The Starry Night Over The Rhone, 1888 by Vincent Van Gogh
Ever since Van Gogh arrived in Arles, he was constantly preoccupied with the representation of "night effects". In April 1888, he wrote to his brother Theo: "I need a starry night with cypresses or maybe above a field of ripe wheat."
In June, he confided to the painter Emile Bernard: "But when shall I ever paint the Starry Sky, this painting that keeps haunting me".
Starry Night Over the Rhone (September 1888) was one of three paintings made during the same month that incorporate the night sky and stars as fundamentally symbolic elements. He also painted
Cafe Terrace at Night, and a portrait of his friend Eugene Boch which was perhaps the most symbolic of the three.
Starry Night Over the Rhone was painted at a spot on the banks of river which was only a minute or two's walk from the The Yellow House on the Place Lamartine which Van Gogh was renting at the time.
The night sky and the effects of light at night provided the subject for some of his more famous paintings, including The Starry Night, the most famous Van Gogh night stars painting.
The challenge of painting at night intrigued Van Gogh. The vantage point he chose for "Starry Night Over the Rhone" allowed him to capture the reflections of the gas lighting in Arles across the glimmering blue water of the Rhone.
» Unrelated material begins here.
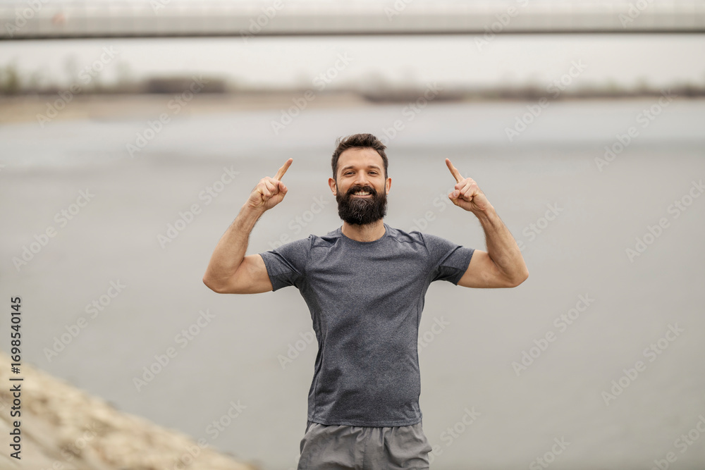 Bearded Male Athlete in Gray Activewear Posing by Waterfront Under Overcast Skies
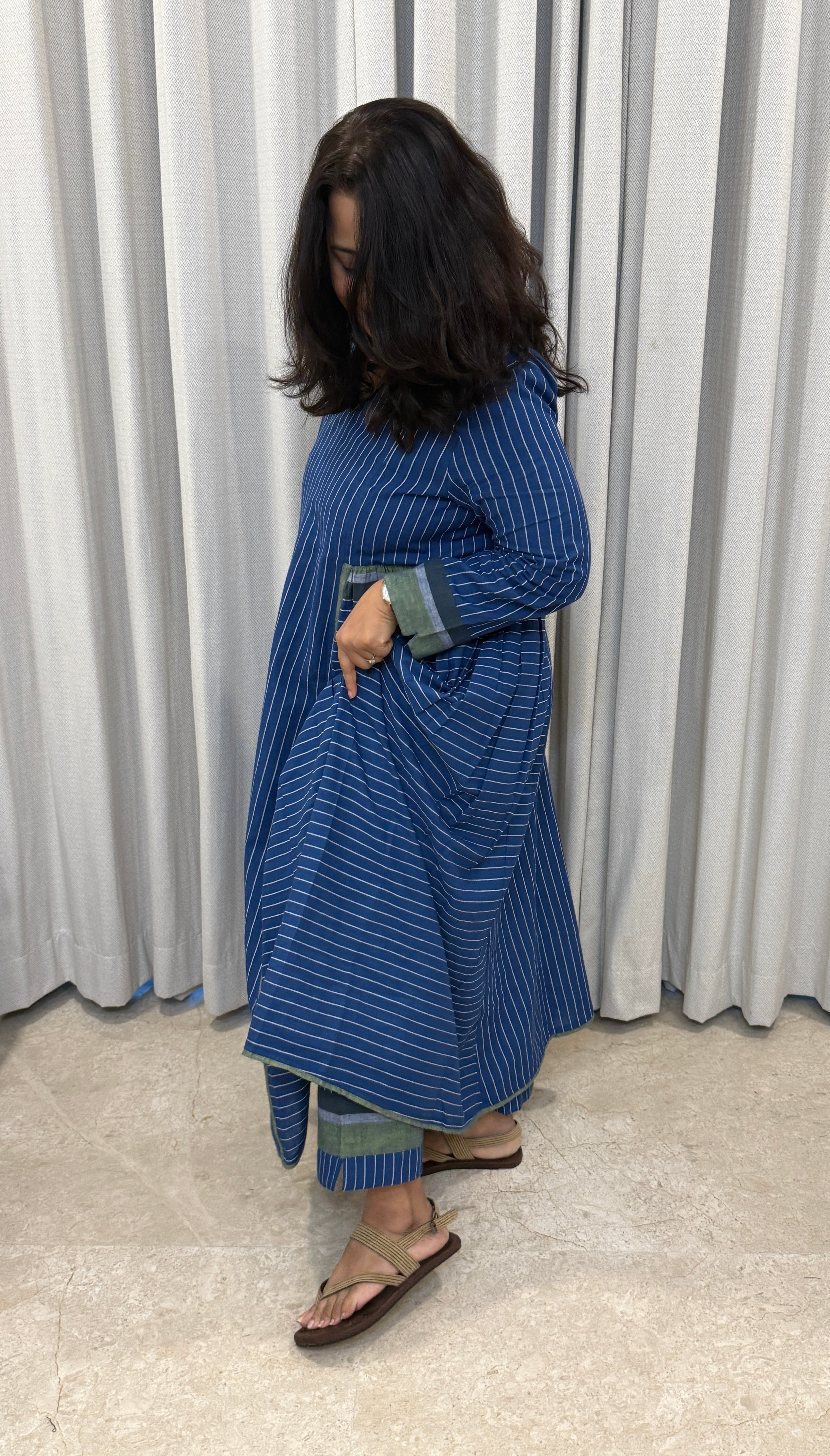 This is a coordinated set featuring a striped indigo A-line tunic paired with matching straight pants. The tunic comes with contrast detailing in muted olive and navy tones on the side panels and sleeve cuffs, adding a subtle highlight to the overall look. The straight pants, designed in the same fabric, feature a comfortable drawstring waist and are finished with a double border detail at the hem, mirroring the tunic's accents. Together, this co-ord set blends comfort with understated elegance, perfect for everyday wear with a refined touch.

In the foreground, two lovers stroll by the banks of the river. Here his stars glow with a luminescence, shining from the dark, blue and velvety night sky. Dotted along the banks of the Rhone houses also radiate a light that reflects
in the water and adds to the mysterious atmosphere of the painting.
Depicting color was of great importance to Van Gogh. In letters to his brother, Theo van Gogh, he often described objects in his paintings in terms of color. His night paintings, including Starry Night Over the Rhone, emphasize the importance he placed in capturing the sparkling colors of the night sky and the artificial lighting that was new to this period. Here, everything lies spread beneath the sparkling tranquillity of the natural lights in the heavens. The glittering stars and wavy reflections in the water could scarcely cater better to Romantic tastes. In fact, this night scene was prompted by a genuinely moving experience of the endless darkness, an experience Van Gogh describes in a letter: "Once I went for a walk along the deserted shore at night. It was not cheerful, it was not sad - it was beautiful." This is the only place in his letters where he is so far carried away as to invoke Beauty so emphatically - reason enough to view his enthusiasm as something more profound than a mere momentary indulgence in aesthetics. Van Gogh was drawing upon all his Romantic resources, contesting the positivist attempt to see the stars, scientifically and banally, as mere objects in the realm of the known. A deep abhorrence of this attempt can be seen in the way his religious impulses surfaced once more:
It does me good to do something difficult. But it in no way changes the fact that I have an immense need for (should I use the word) religion; and then I go out at nightinto the open and paint the stars, and I always dream of such a picture with a group of lively friendly figures.